The Bee Gees’ Barry Gibb: ‘There’s fame and there’s ultra-fame – it can destroy you’

The Bee Gees’ Barry Gibb: ‘There’s fame and there’s ultra-fame – it can destroy you’December 7, 2020

The band’s last surviving member talks about falling out with his brothers before they died, how his wife saved him from drugs – and why he had to ask Michael Jackson to leave his house

From underneath a black Stetson hat, Barry Gibb stares out of my laptop screen. He is in Miami, where he has lived since 1974 when the Bee Gees’ career was in the doldrums and Eric Clapton suggested a change of scenery might do them good. They relocated en masse, moving into the house Clapton immortalised in the title of his album 461 Ocean Boulevard.

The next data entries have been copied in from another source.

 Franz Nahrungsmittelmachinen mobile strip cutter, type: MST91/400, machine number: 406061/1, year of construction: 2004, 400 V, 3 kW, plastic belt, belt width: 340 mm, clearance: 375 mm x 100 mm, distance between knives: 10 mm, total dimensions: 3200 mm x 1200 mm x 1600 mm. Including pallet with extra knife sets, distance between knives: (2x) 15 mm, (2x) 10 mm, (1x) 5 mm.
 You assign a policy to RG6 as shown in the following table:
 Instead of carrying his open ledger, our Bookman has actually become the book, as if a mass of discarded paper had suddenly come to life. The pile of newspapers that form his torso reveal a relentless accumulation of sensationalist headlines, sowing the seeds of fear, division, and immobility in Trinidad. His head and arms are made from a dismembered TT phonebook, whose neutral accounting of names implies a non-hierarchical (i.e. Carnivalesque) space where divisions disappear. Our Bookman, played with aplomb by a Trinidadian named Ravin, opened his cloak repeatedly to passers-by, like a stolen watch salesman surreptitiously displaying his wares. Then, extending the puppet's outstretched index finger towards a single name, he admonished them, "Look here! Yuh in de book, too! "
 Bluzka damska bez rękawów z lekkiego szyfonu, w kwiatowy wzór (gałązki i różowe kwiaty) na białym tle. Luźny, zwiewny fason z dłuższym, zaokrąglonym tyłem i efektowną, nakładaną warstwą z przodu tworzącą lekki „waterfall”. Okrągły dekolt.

Gibb never really left, although he still has a home in England. He liked Miami, he says, because it reminded him of Australia, where his parents emigrated when he was 11.

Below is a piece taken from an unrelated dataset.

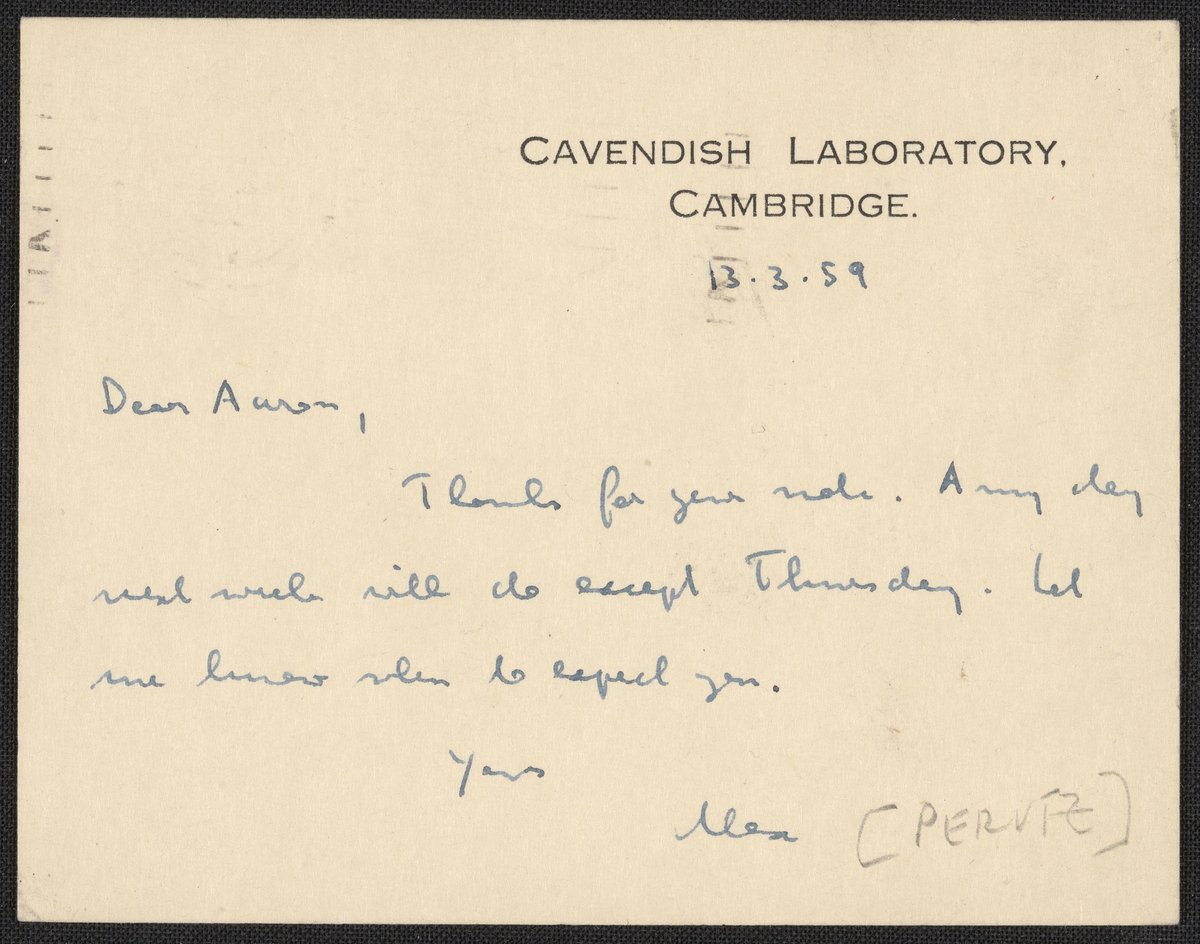 Small JPG1200 x 944px — 153 KBFull-sized JPG2835 x 2230px — 871 KBOriginal fileTIFF — 2835 x 2230px — 18.1 MBLetter from Max Perutz (1914-2002) to Aaron Klug (1926-2018), written March 13, 1958.

He lives in a waterfront mansion in an exclusive country club, which is clearly a long way from the penury the Gibb family experienced in Australia – of which more later – but that’s what comes of selling between 120m and 220m records, depending on whose estimate you believe. His late brother Robin used to own a house a couple of doors down – Tony Blair caused rather a fuss by holidaying there when he was prime minister – and, as he puts it, “multiple Gibbs” live nearby: five children, seven grandchildren. There are clearly worse places in the world to be holed up during a pandemic. “We’ve been trying to self-isolate and do everything we’re supposed to do,” he says. “As you’ve seen on the news, [coronavirus] is pretty rampant in Miami.”